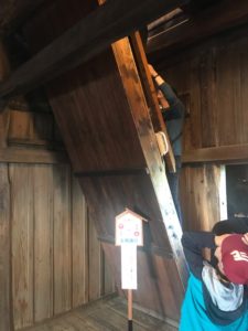恐竜博物館博物館を楽しんで、谷口屋のおあげを昼食に頂く。アツアツでお腹一杯!これまた10年振りの丸岡城に向かう。見覚えのある駐車場はほぼ満車。運良くすぐ駐車できました。丸岡城天守で真っ先に目についたのは、かどの板塀の剥がれです!何の影響?老朽化?天守内の見学でも3階の窓外の板床など傷みが激しいです。もうそろそろ修繕が必要です。やはり一番印象的なのは天守内の階段の急勾配です。自分の中では、日本のお城の中で一番の傾斜だと確信しました。
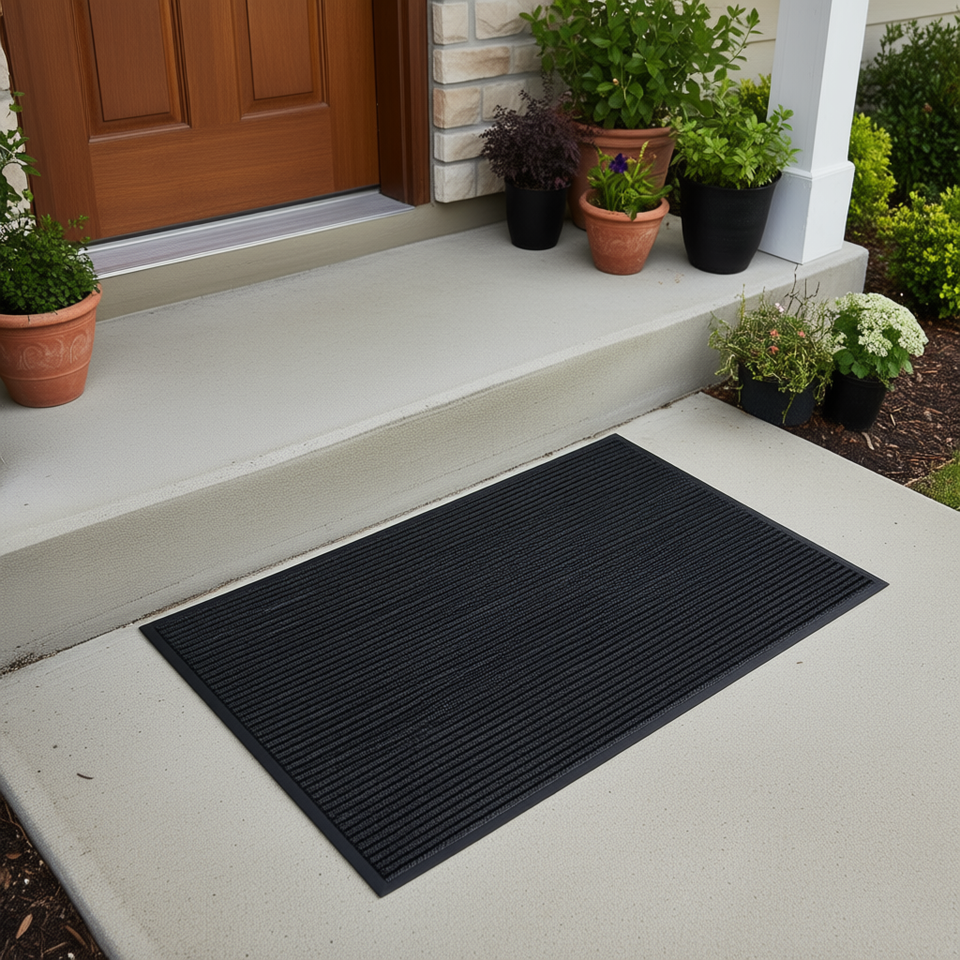 พรมเช็ดเท้าลายทาง PVC ขนาด 8 x 4 ฟุต ทนทาน ซักได้ ใช้ได้ทั้งภายในและภายนอกอาคาร รูปทรงสี่เหลี่ยมผืนผ้า ทันสมัย พร้อมแผ่นรองกันแบคทีเรีย
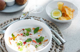 Likuliku Lagoon Resort propose une formule unique en pension complète. Les repas sont concoctés par un Chef à la cuisine créative, mettant en avant les produits locaux variés des îles Fidji.
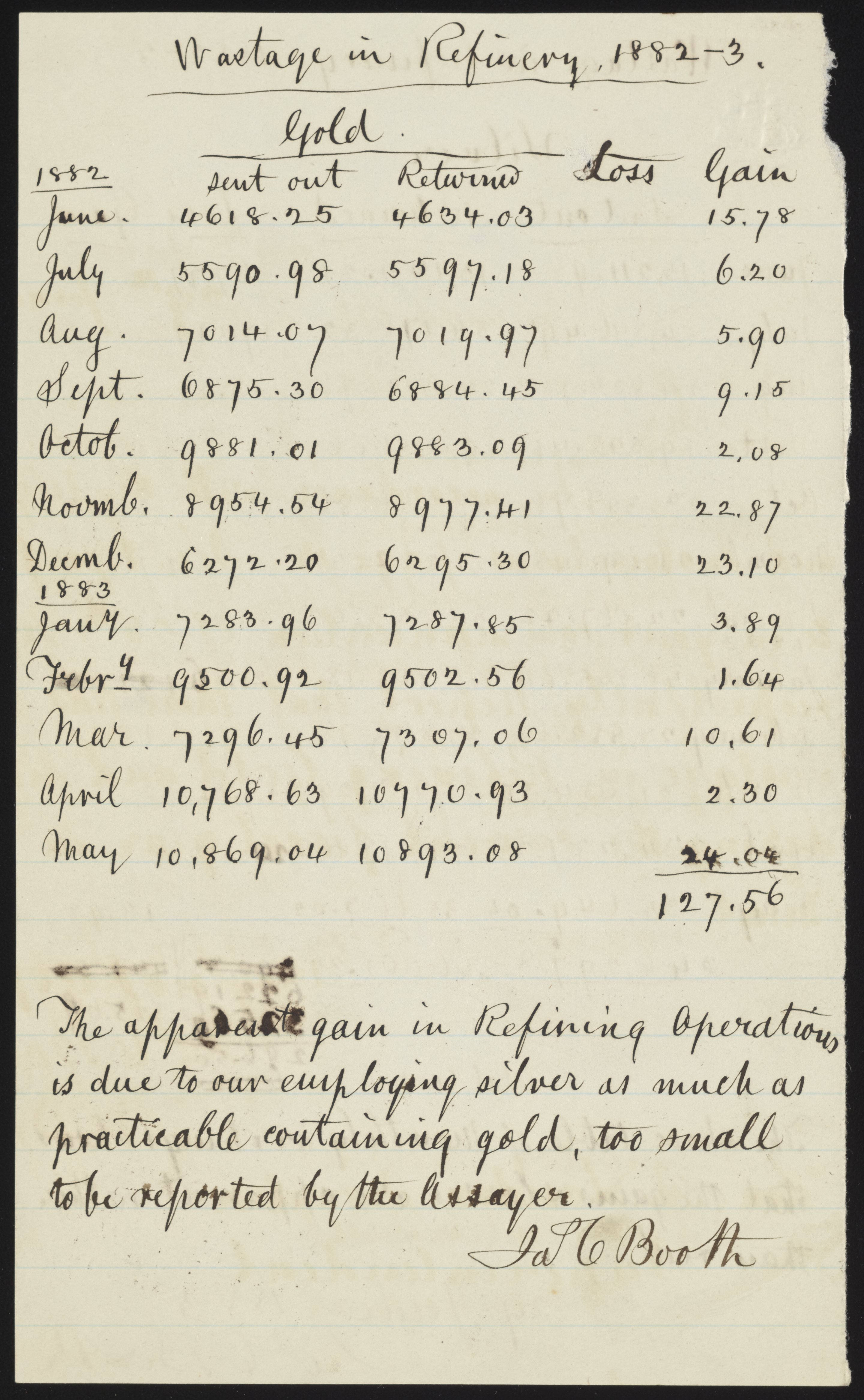 Small JPG1200 x 1933px — 362 KBLarge JPG2880 x 4640px — 1.4 MBFull-sized JPG3755 x 6050px — 2.2 MBOriginal fileTIFF — 3755 x 6050px — 65.0 MBReport on the loss of silver and gold from refinery wastage by month.
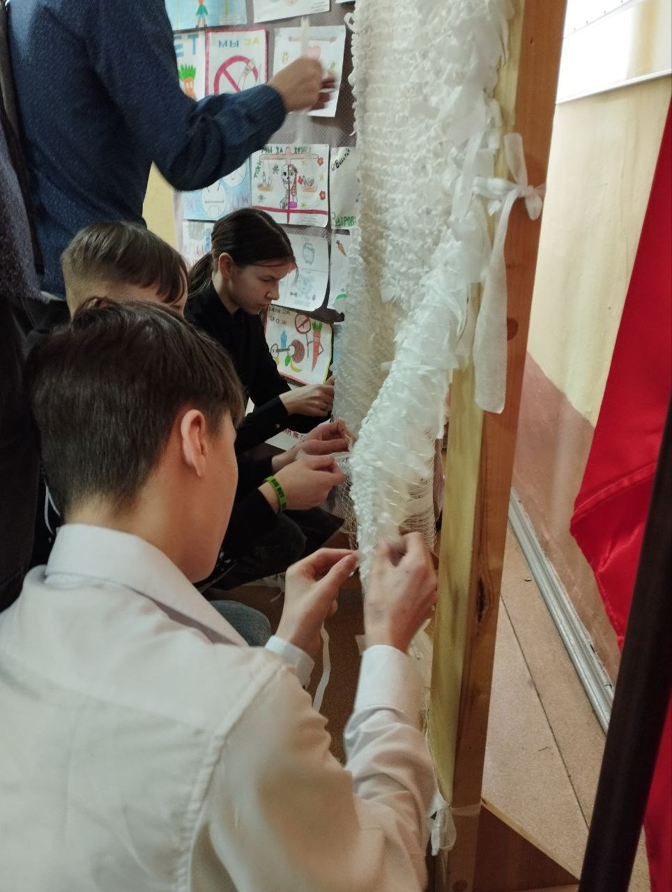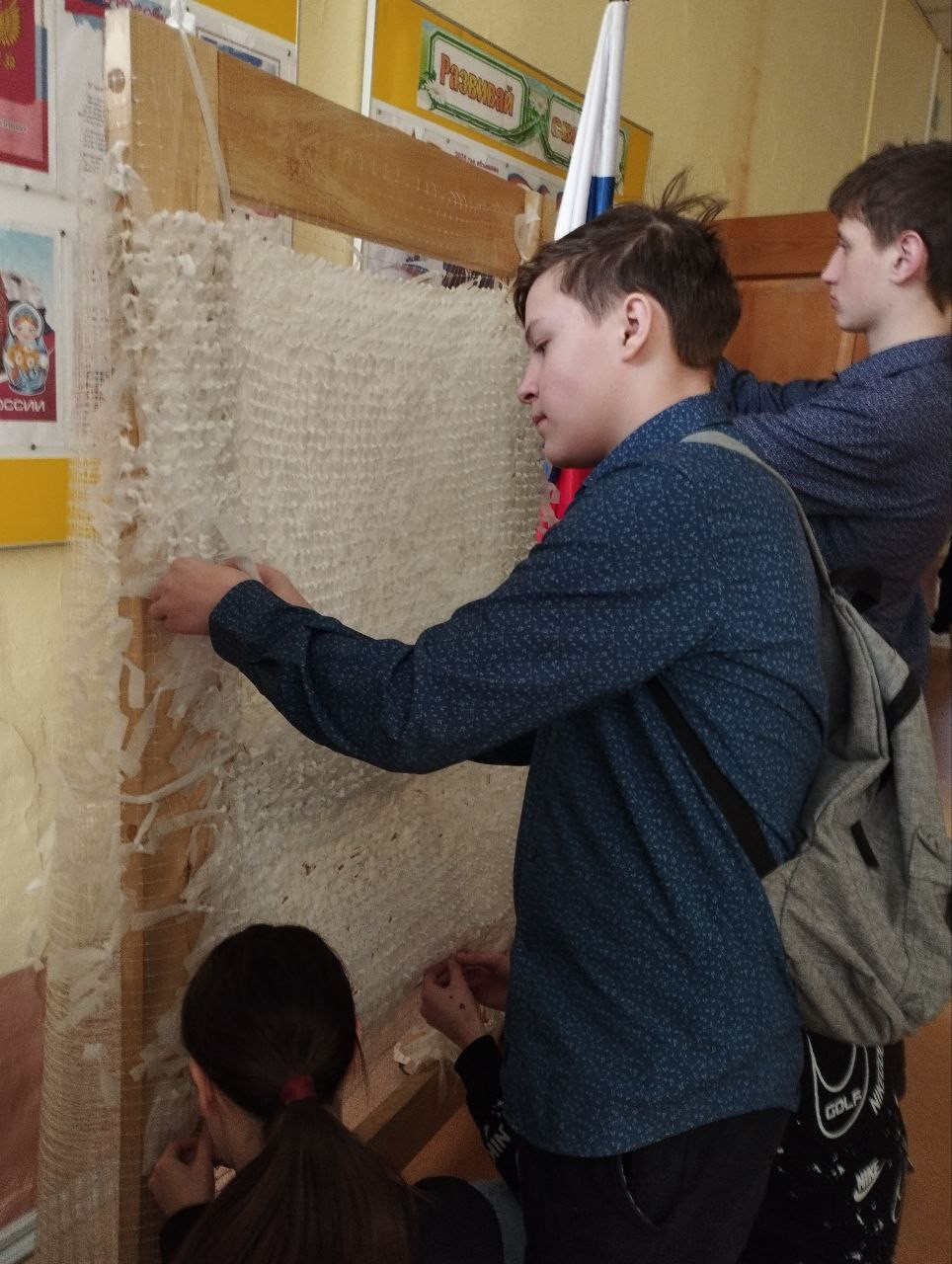 В рамках системы воспитания "Киноуроки в школах России" у восьмиклассников снова выдался классный час на кино. На этот раз "Счастливые люди". Сложный вопрос - счастье. Всем хочется счастья для себя. А в фильме главные герои сами себя назвали счастливыми, отказались от удачного предложения (поездки на конкурс в Санкт-Петербург) для себя и решили поделиться своим счастьем с другими. Потому, после просмотра делились рассуждениями: Чем можем мы, восьмиклассники, сделать чуть-чуть счастливее других людей? Это, несомненно, относится к тем, кто делает мирным наше небо над головой. Ребятам была подсказана инициатива проявить заботу и вложить частичку своего труда в плетение сети для оборонительных сооружений военным, находящимся на СВО. Плетение сети явилось нашим маленьким вкладом в ОБЩЕЕ дело - заботу о защитниках нашего Отечества.
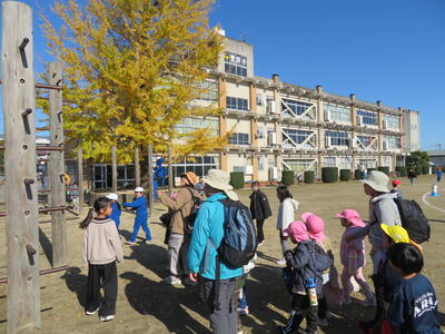荒井小学校へ到着。最初に校庭を1周しました。途中1年生や上学年の児童も声をかけてくれ、園児の移動について歩いてくれました。佐倉幼稚園卒園児にも会ってきました。
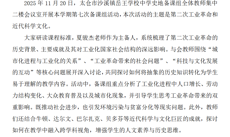 (品牌建设)构建生长课堂2025-2026第一学期,中学史地组第七次备课组活动——第二次工业革命和近代科学文化
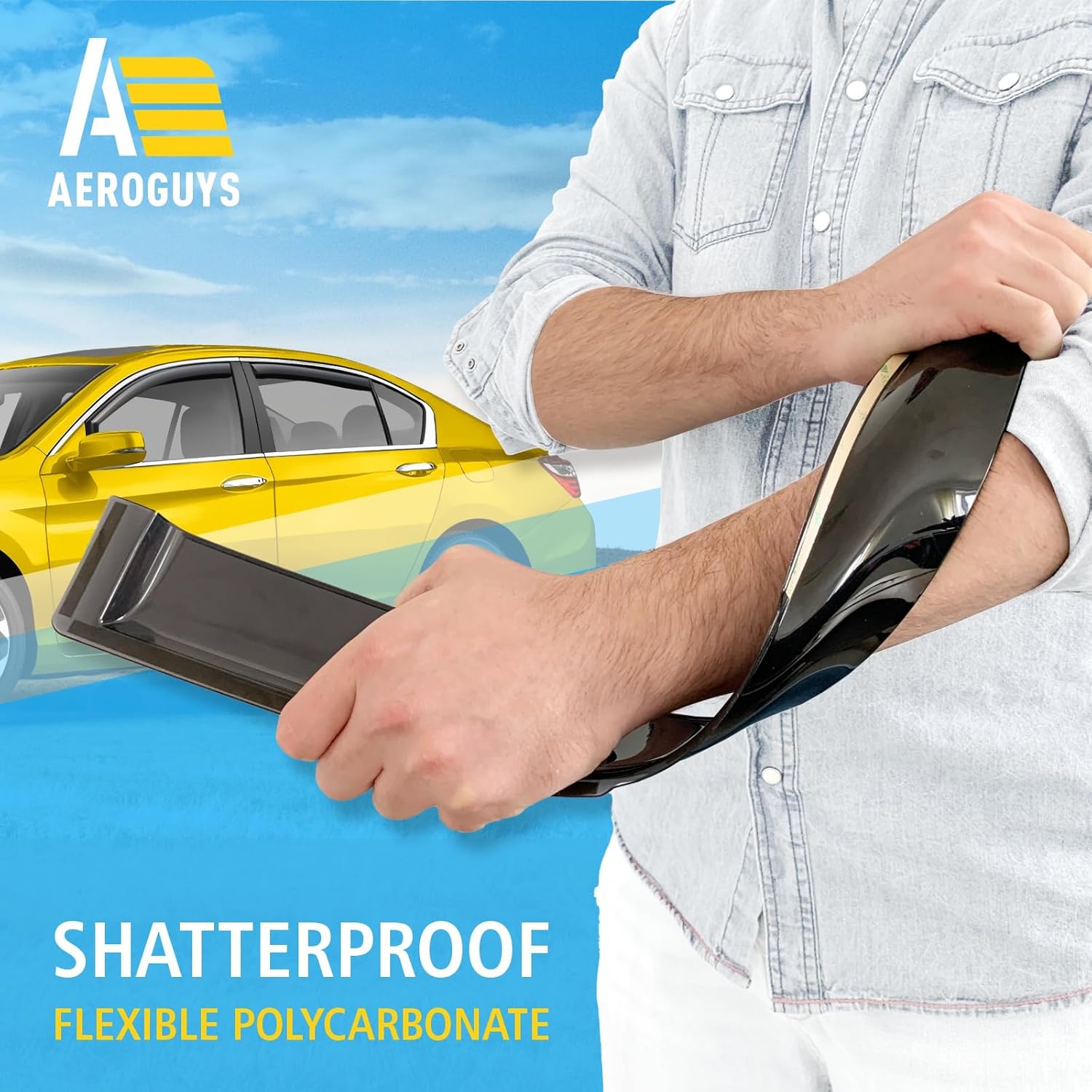 - Incredibly Durable AEROGUYS Auto Window Deflectors β They are made with strong and tough polycarbonate which is clear and scratch-resistant. They also provide UV protection making your ride more comfortable under all weather conditions.
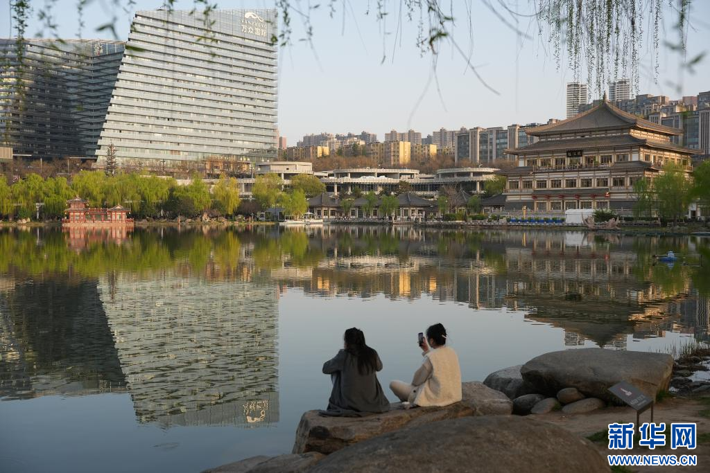 3月24日,游人在西安曲江池遗址公园赏景、拍照。

■ Problem ■
Return, unchanged, the lines from the first line of the material through the line that holds "Small JPG1200 x", inclusive, omitting pictures.

■ Answer area ■
恐竜博物館博物館を楽しんで、谷口屋のおあげを昼食に頂く。アツアツでお腹一杯!これまた10年振りの丸岡城に向かう。見覚えのある駐車場はほぼ満車。運良くすぐ駐車できました。丸岡城天守で真っ先に目についたのは、かどの板塀の剥がれです!何の影響?老朽化?天守内の見学でも3階の窓外の板床など傷みが激しいです。もうそろそろ修繕が必要です。やはり一番印象的なのは天守内の階段の急勾配です。自分の中では、日本のお城の中で一番の傾斜だと確信しました。
 พรมเช็ดเท้าลายทาง PVC ขนาด 8 x 4 ฟุต ทนทาน ซักได้ ใช้ได้ทั้งภายในและภายนอกอาคาร รูปทรงสี่เหลี่ยมผืนผ้า ทันสมัย พร้อมแผ่นรองกันแบคทีเรีย
 Likuliku Lagoon Resort propose une formule unique en pension complète. Les repas sont concoctés par un Chef à la cuisine créative, mettant en avant les produits locaux variés des îles Fidji.
 Small JPG1200 x 1933px — 362 KBLarge JPG2880 x 4640px — 1.4 MBFull-sized JPG3755 x 6050px — 2.2 MBOriginal fileTIFF — 3755 x 6050px — 65.0 MBReport on the loss of silver and gold from refinery wastage by month.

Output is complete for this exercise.